GROTON — “Lyme Disease in Massachusetts: A Public Health Crisis” is the title of the April 2011 report issued by the chairman of the House of Representatives, David Linsky, and Vice Chairman Benjamin Swan.

State Rep. Sheila Harrington is one of nine additional members of the Committee who came to this conclusion. “The occurrence of Lyme disease has reached near epidemic proportions in Massachusetts,” states Linsky in his cover letter for the report. To address this issue, the Committee has called for a state-chartered commission to convene, in order to bring medical experts, wildlife management, public health officials, and insect control together with patients and advocates to propose solutions to the treatment, prevention and education of Lyme disease. One of the key objectives is to create and approve legislation mandating insurance coverage for long-term antibiotic treatment for chronic Lyme, an issue that Lyme-disease victims have been fighting for years. Lyme disease has affected every city and town in the commonwealth, with hundreds of citizens affected by its debilitating symptoms. This bill has been attached as an outside amendment to the budget, which has already been approved by the House of Representatives. It still requires approval by the State Senate and the governor.

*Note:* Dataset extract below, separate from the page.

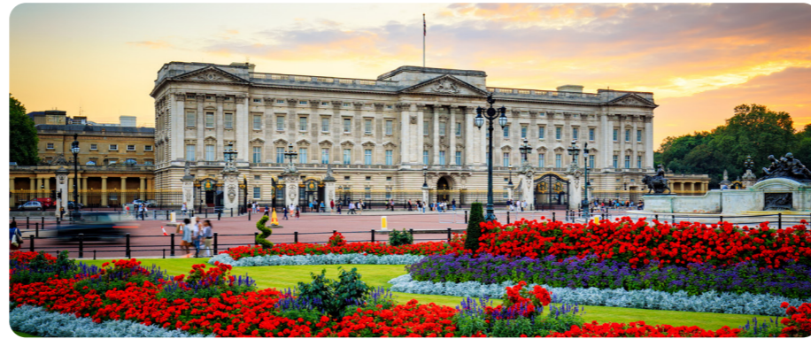
Buckingham Palace is in London, England. It is the Queen's main residence.

Royal residences include palaces, castles and stately homes. Some of them are used for official royal business and some are used as holiday or private homes.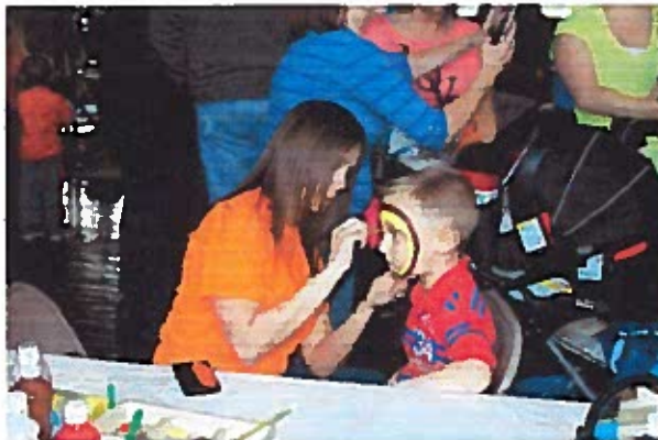
Funny Face Time!

Gov. Deval Patrick has officially proclaimed the month of May as “Lyme Disease Awareness Month.” The Nashoba Valley Lyme Disease Task Force, co-founded by Groton residents Robin Lemieux, Donna Castle and Jayme Kulesz, has been working with advocates around the state, including retired State Rep. Robert Hargraves, who was instrumental at the Statehouse in getting the physician’s protection bill signed into law by Gov. Patrick, which allows physicians the ability to treat Lyme-disease patients with antibiotics for more than 30 days when deemed necessary. In conjunction with the Groton Board of Health, the Task Force has overseen the design of “Caution” signs for identifying deer tick habitats, which will be posted along trails, near sports fields and on school properties, advising residents of precautions to take.

With Lyme disease cases increasing ten-fold between 1997 and 2009, the response from local advocates and state officials is moving in the right direction. As residents are further educated and preventative measures are utilized, the cases of Lyme disease will hopefully decrease going forward.